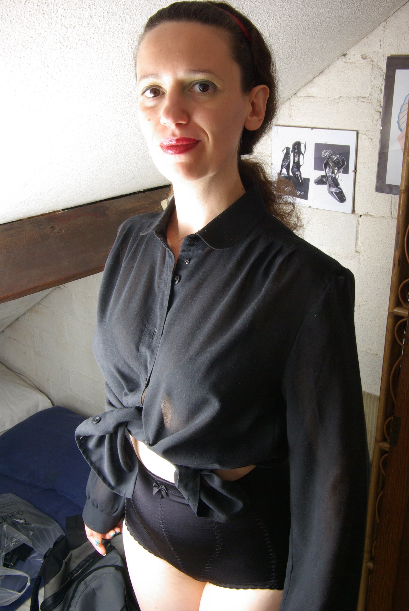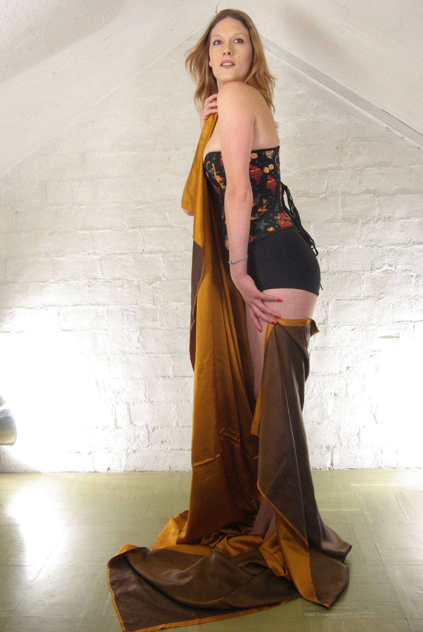 This is the second of a series of photo shoots, intended to document Sarah’s progress as she gets back into shape after given birth to two healthy babies. First part of the shoot was with Sarah on her own, modelling her own tightly-laced corset, teamed up with a pair of snugly fitting black lycra control briefs, worn as gym-shorts.
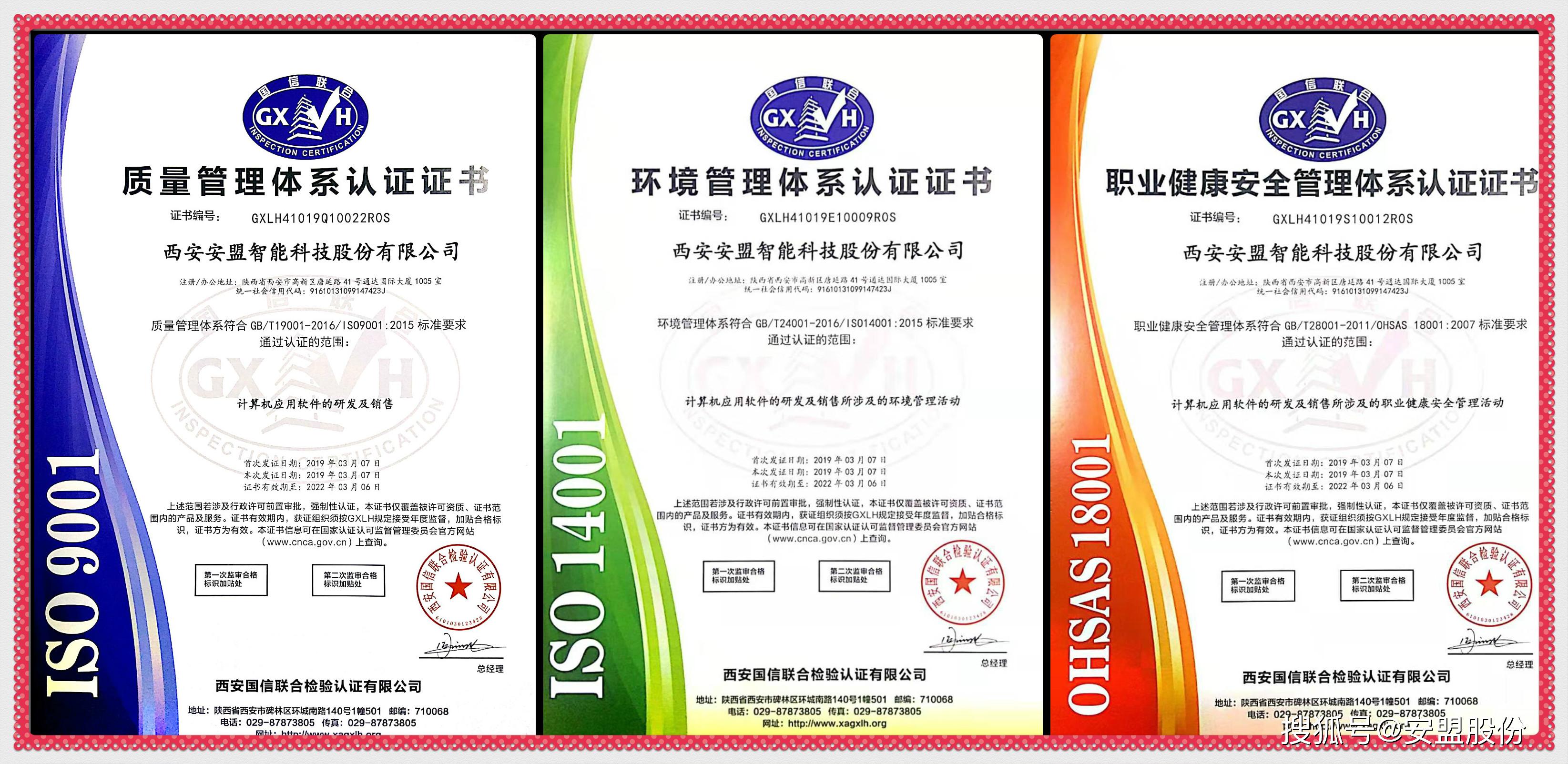 2019年3月,安盟科技获得质量ISO9001、环境ISO14001、职业健康OHSAS 18001管理体系证书;
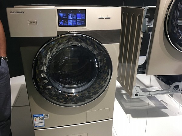 通过传感器,衣物与洗衣机连接了起来,而通过一台音响,一部手机,人也能与洗衣机相连。
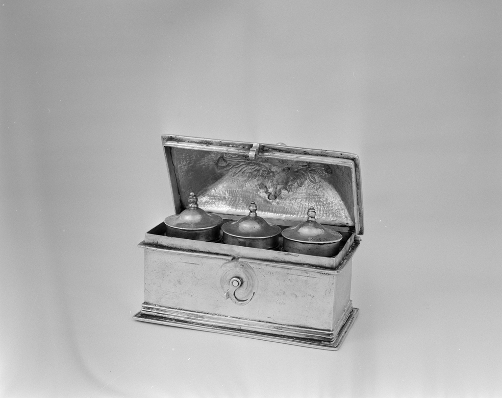Coffret aux saintes huiles, vue avec le couvercle ouvert.Immatriculation
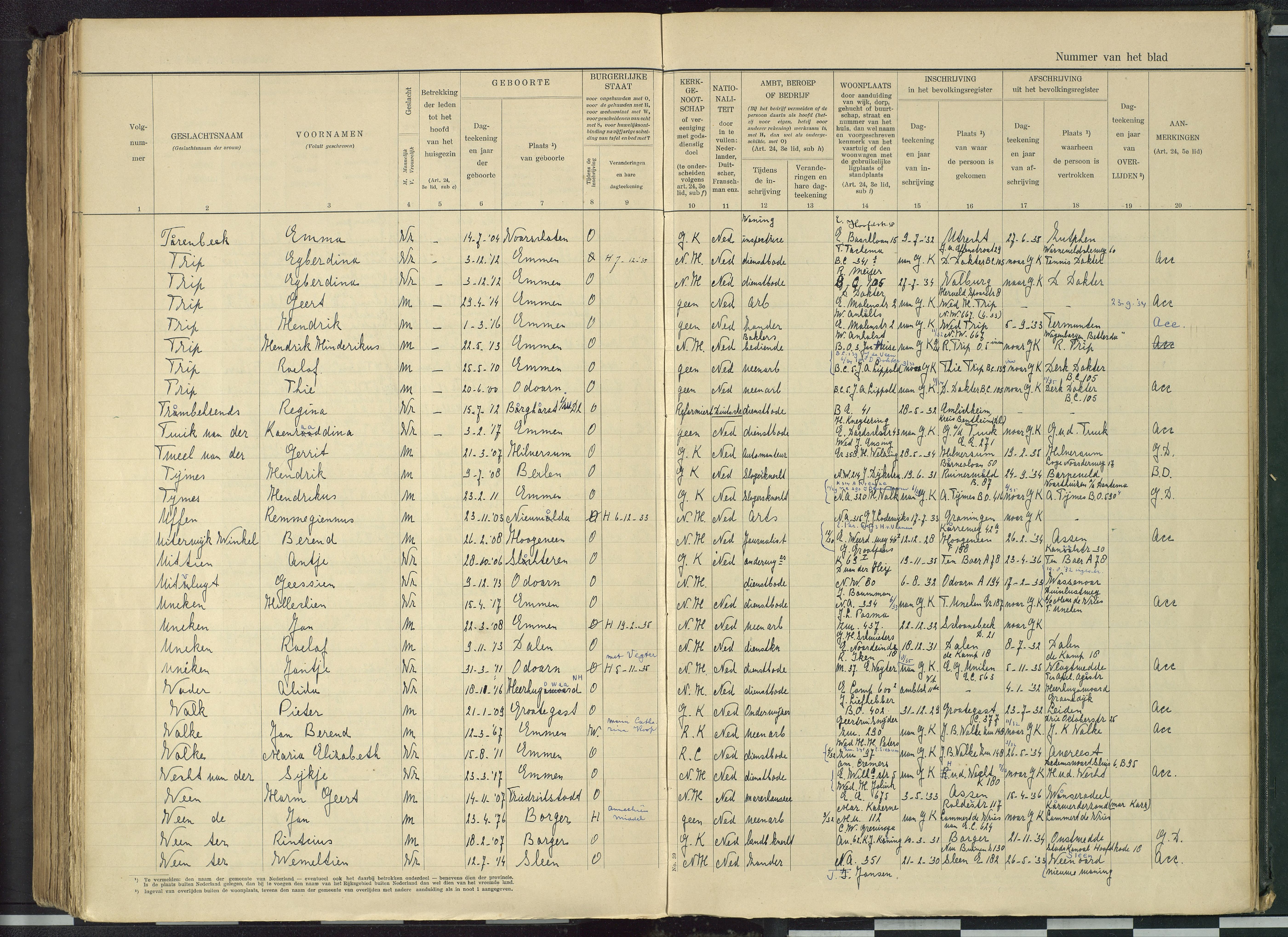 Vertrokken personen dienstbodenregister Emmen 1918-1932 Egberdina TripOpmerking: Akte doorgestreept. Het huwelijk vond wel plaats op 07-12-1935

* _REQUIREMENT_: Write out each entry exactly as given, omitting any picture.

* _ANSWER FOR THE TASK_:
 This is the second of a series of photo shoots, intended to document Sarah’s progress as she gets back into shape after given birth to two healthy babies. First part of the shoot was with Sarah on her own, modelling her own tightly-laced corset, teamed up with a pair of snugly fitting black lycra control briefs, worn as gym-shorts.
 2019年3月,安盟科技获得质量ISO9001、环境ISO14001、职业健康OHSAS 18001管理体系证书;
 通过传感器,衣物与洗衣机连接了起来,而通过一台音响,一部手机,人也能与洗衣机相连。
Coffret aux saintes huiles, vue avec le couvercle ouvert.Immatriculation
 Vertrokken personen dienstbodenregister Emmen 1918-1932 Egberdina TripOpmerking: Akte doorgestreept. Het huwelijk vond wel plaats op 07-12-1935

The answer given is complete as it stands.